The findings are based on data collected from Jan. 1, 2008, through the end of the most recent legislative session in July. State taxpayers paid $14.8 million for lawmakers' salaries and expenses over that period, according to the report.

Most lawmakers claim $12,000 a year for in-district expenses and do not have to report how it was used. Lawmakers also can collect up to $131 a day in subsistence pay, which is available even if the meetings do not take place during the 21-week legislative session. Lawmakers also can claim an additional $35 in per-diem pay on meetings that occur out of session. They fill in vouchers for reimbursement themselves and do not have to provide receipts.

There is no cumulative limit on mileage and per diems, according to the Policy Council report.

Sen. Tom Davis, R-Beaufort, said he does not claim lodging or meal expenses when he is in Columbia because he stays with his in-laws. Davis, who was sworn in January 2009, was not serving in the legislature during the report's entire data collection period and he averages $30,955 the two full years he has served. Davis said he and his colleagues run for office knowing it may require a financial sacrifice. He also said he pays a district director about $24,000 out of his own pocket to help with constituent issues.

"You don't get in to public service if you're in it for money," Davis said. "There's no money in it."

Davis said receipts should be provided if it becomes a question of public confidence, even though he doesn't think his colleagues are gaming the system.

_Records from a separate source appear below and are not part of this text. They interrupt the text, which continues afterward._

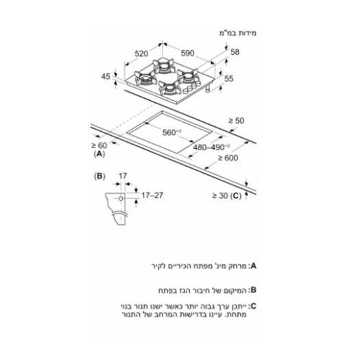 כיריים גז 4 להבות 60 ס"מ BOSCH POH6B6K30Y זכוכית - מידע נוסף
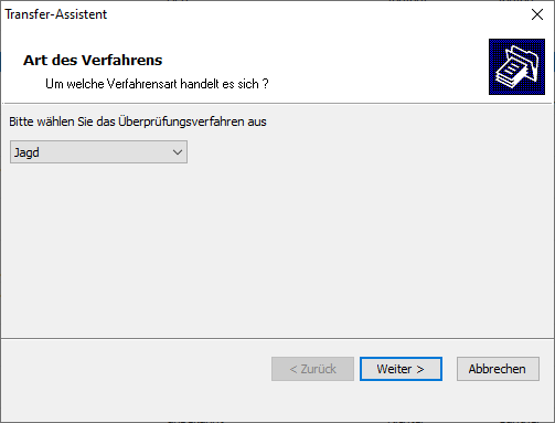 - Um eine Überprüfung auf Basis des jagdrechtlichen Antrags in OSiP durchzuführen, verwenden Sie im Warteschlangen-Assistenten bzw. im Transfer-Assistenten der Registerauskunft bitte das korrekte Verfahren "Jagd".
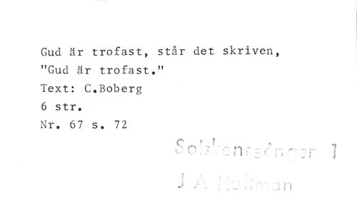 //// Gud är trofast, står det skriven, "Gud är trofast." //// Text: C.Boberg //// 6 str. //// Nr. 67 s. 72 ////
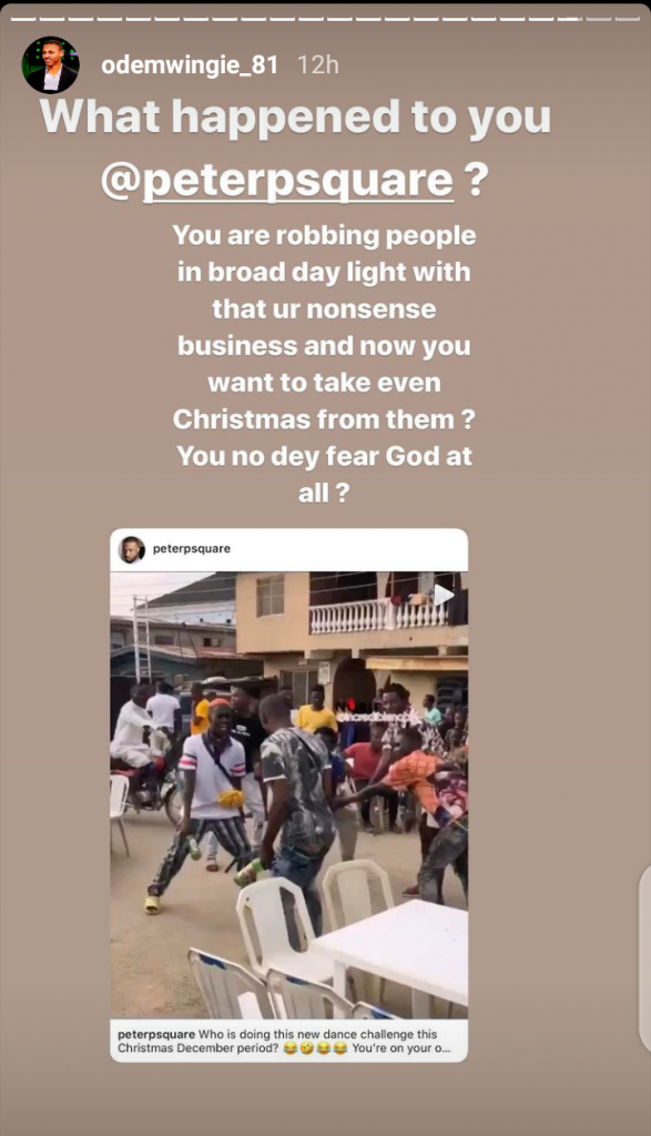 Odemwingie reacted minutes after Peter released a video of two area boys breaking bottles on their head in a kind of new dance with the caption ” Who is doing this new dance challenge this Christmas December period😂😂😂. You are on your own o”.

Rep. Shannon Erickson, R-Beaufort, said that at more than two hours, she has one of the longest drives to Columbia in the state, requiring her to stay overnight and buy meals during days when the legislature is in session. However, she said she never claims travel expenses or mileage when the legislature is not in session because she tries to be conscientious with taxpayers' money.

Rep. Bill Herbkersman, R-Bluffton, also said he ends up paying out of pocket for two full-time employees in his district office.

"I'd be totally for having to be tracked to give people an idea of what we spend," he said. "It's tax dollars so it should be traceable and totally up front about it."